MarketTruth's picture

Plus in the UK they raised VAT from 17% to 20% starting January 1, so that alone is 3% 'inflation' in the price of goods even without any actual price increases.

pendragon's picture

inflation only exists in the eurozone not anywhere else...according to currency markets anyway.

Ivanovich's picture

This is playing out exactly like Spring/Summer 2008 when inflation was king (though oil was higher and food was lower) and JCT in his infinite wisdom, began hiking rates, only to reverse course 3 months later when the crash came.  The only difference is that this time, the PIIGS are in the mix.


I'm sure it'll be better this time around.

Cash_is_Trash's picture

The U.S. is now fighting and losing two wars, a third is in the works.

On the upside, we'll win the currency war.

First currency to be dropped as a medium of exchange wins!


Ferg .'s picture

This pretty much solidifies a 100% probability of an April rate hike . Unlike the Fed , the ECB has but one central objective : price stability .

With regard to EUR/USD though I'd imagine that a final thrust higher in this staggering run from the January lows will occur immediately after the raise in interest rates or in the days following . Speculators seem to be forgetting that Trichet has made it clear that an April hike will not be the start of a continual tightening cycle . Furthermore the underlying problems that have plagued the Eurozone over the last year or so haven't really been solved . Looks to me like we could reach as high as 1.4500 , which is a level the man himself , John Taylor , mentioned as a potential top .

Really kicking myself that I didn't get long . Was waiting for an entry at around 1.4050 yesterday . Well , it reached there , but just at a time that I was away from my screen , and I don't like using limit orders during volatile trading hours . Oh well , waiting patiently now for a short side position .

Harlequin001's picture

If rates go up they will very soon go down.

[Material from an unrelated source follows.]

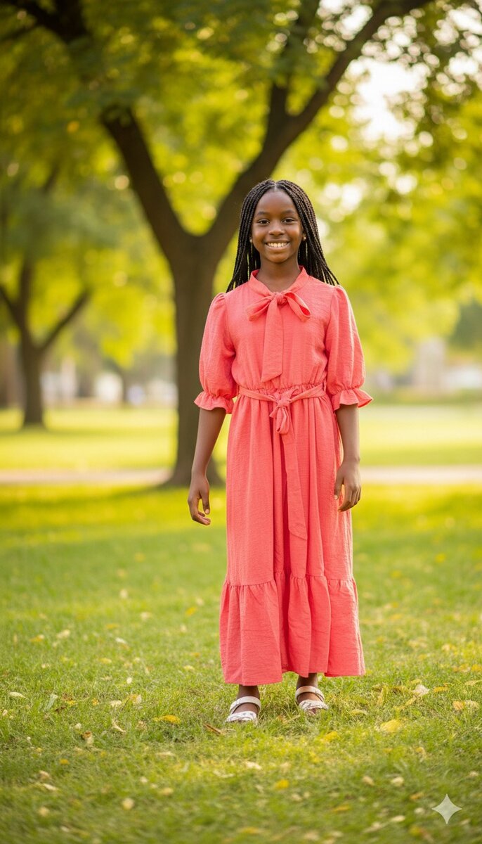 Adorable robe longue rose avec nœud et manches bouffantes pour fille. Parfaite pour des occasions spéciales ou des sorties décontractées. Confort et style garantis.

Why would you put rates up if it cost you more to raise money to bailout the banks you cut rates to save in the first place.

I'd say chances are somewhere between little and none, but if they did it would be purely symbolic, and very short lived...

Sudden Debt's picture



Urban Redneck's picture

Trichet runs a single-mandate operation, but what is to stop him from simply raising the  "acceptable" inflation limit from 2%, other than having to admit he learned something from his last colossal failure of a rate hike?